В процессе деятельности происходит, с одной стороны, опредмечивание свойств и способностей общественного человека (“особых человеческих сущностных сил”) в “предметах природы” (Маркс), с другой — как бы “распредмечивание” действительности, раскрытие и усвоение человеком сущности этих “предметов природы”, развитие человеческих способностей и форм деятельности на основе включения в деятельность новых объективных свойств и качеств предметов действительности. Каждый из этих предметов есть таким образом двусторонняя, точнее — двуединая, единая в своей двусторонности сущность. Он, во-первых, есть реальный, “естественный”, чувственный предмет, и, “включая предмет в систему деятельности и тем самым в систему своей культуры, человек населяет его огромным множеством идеальных значений, совершенно отличных от реального изменения его реальной формы: предмет “означает” все то, что деятельность заставляет его “обозначать”. Он, во-первых, есть источник, из которого человек (индивид) берет материал для того, чтобы строить себя как субъект, как личность, свое деятельное сознание. Здесь мы сталкиваемся с процессом идеализации, превращения реальных предметных форм в идеальные формы благодаря использованию знаков, знаковых систем. “Без постоянно возобновляющейся идеализации реальных предметов общественно-человеческой жизнедеятельности, без превращения их в идеальное, а тем самым и без символизации человек вообще не может выступать в качестве действительного агента, деятельного субъекта общественного производства материальной и духовной жизни общества”.

Язык (речь) выступает в этом процессе в двух видах, в двух различных функциях. С одной стороны, это то, что он является “непосредственным телом идеального образа внешней вещи”, т.е. основной составной частью системы общезначимых форм и способов внешнего выражения идеальных явлений. С другой, однако, он — как и другие предметы действительности — “имеет чувственную природу”. Мы уже видели, что такое для Маркса “чувственность”. Поэтому к языку в полной мере относится сказанное ранее о других “предметах природы”. Он выступает как продукт специфической, адекватной ему деятельности: в языке как общественном достоянии, как части культуры общества, как элементе общественно-исторического опыта, откладываются, опредмечиваются развивающиеся в индивидуальном порядке (хотя и под воздействием общества) и непосредственно испытывающие на себе воздействие социальной среды речевые умения отдельных носителей языка, членов языкового коллектива. Но он, кроме того, еще и объективная основа речевой деятельности индивида. Носитель языка, во-первых, формирует свою речевую (языковую) способность, усваивая язык в его предметном бытии и превращая его, по известному выражению Маркса, в “форму деятельности” (особенно ясно этот процесс виден при усвоении неродного языка).
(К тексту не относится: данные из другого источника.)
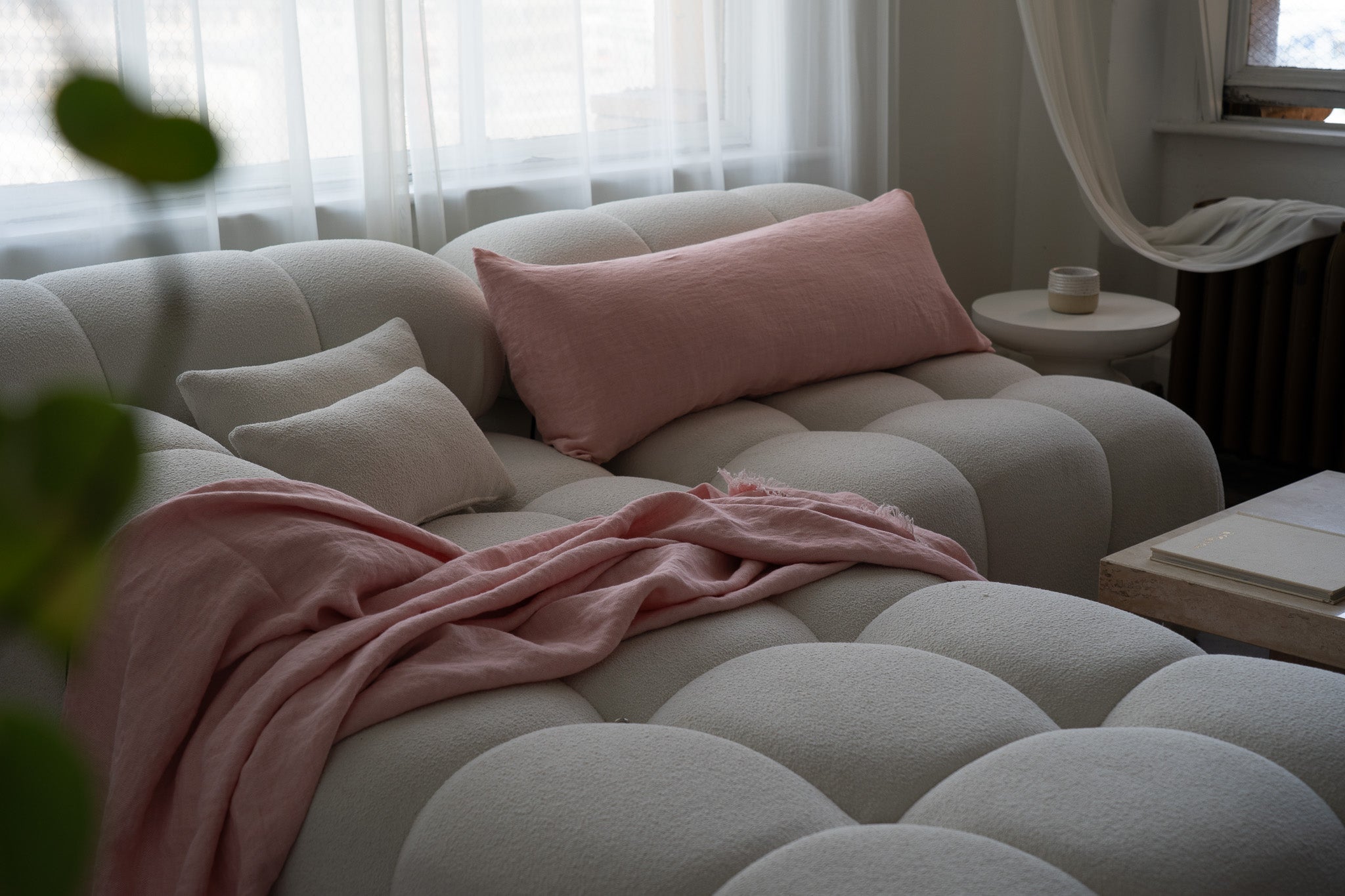 Smaller than the bedspread but equally luxurious, it's perfect for draping over a chair, at the foot of the bed, or around your shoulders on cooler days. Pair it with matching linen bolster cushions.

Во-вторых, и в процессе речи, при наличии уже сложившейся языковой способности, он постоянно ориентируется на систему и норму языка, строя речь так, чтобы не нарушить известных требований к ее осуществлению — даже если эти требования не вытекают непосредственно из необходимости полного и адекватного понимания речи.

Таким образом, ключ к пониманию места языка в жизни и деятельности общественного человека лежит прежде всего в марксовой идее “чувственной деятельности”, адекватной объективным свойствам языка как предмета, в трактовке языка не просто как закономерного звена фиксированной системы отношений индивида к реальной внечеловеческой и человеческой действительности, но главным образом как средства, орудия активной познавательной и продуктивной деятельности человека в этой действительности. И далее (last but not least) — в четком понимании соотношения предметной действительности, языка и мира идеального, т.е. в последовательной трактовке языка как одной из форм взаимодействия­ субъекта и объекта человеческой деятельности,как своего рода “мостика”, связывающего совокупный опыт и совокупную деятельность общества, человеческого коллектива, с психикой, сознанием, личностным опытом отдельного члена этого коллектива, как условия и формы существования идеальных явлений.

Уже на этой ступени нашего рассуждения становится очевидной неправомерность одностороннего представления о языке как форме замещения и закрепления элементов чувственного познания. Такая функция, несомненно, у языка имеется. Но ошибочно, как это делает, например, Б. Исмаилов, сводить роль языка в познании только к этому. По мнению указанного автора, “скачок от чувственного к рациональному при помощи слова заключается в том, что отвлекаемые и обобщаемые стороны чувственных вещей “отрываются” от прочих их сторон и свойств, соединяются с чувственной материей слова и при помощи слова превращаются в нечувственную форму сознания — в понятие.… Содержание чувственного образа, все более обобщаясь, не умещается в рамках наглядности и выходит из них”. Легко видеть, что при таком подходе мы рассматриваем человека, во-первых, как существо par excellence созерцающее, пассивно впитывающее информацию из внешнего мира, из “среды”. И что особенно важно, человек выступает, как “голая индивидуальность”, а не как общественный человек; его психика отличается от психики животного лишь количественно, но ничуть не качественно.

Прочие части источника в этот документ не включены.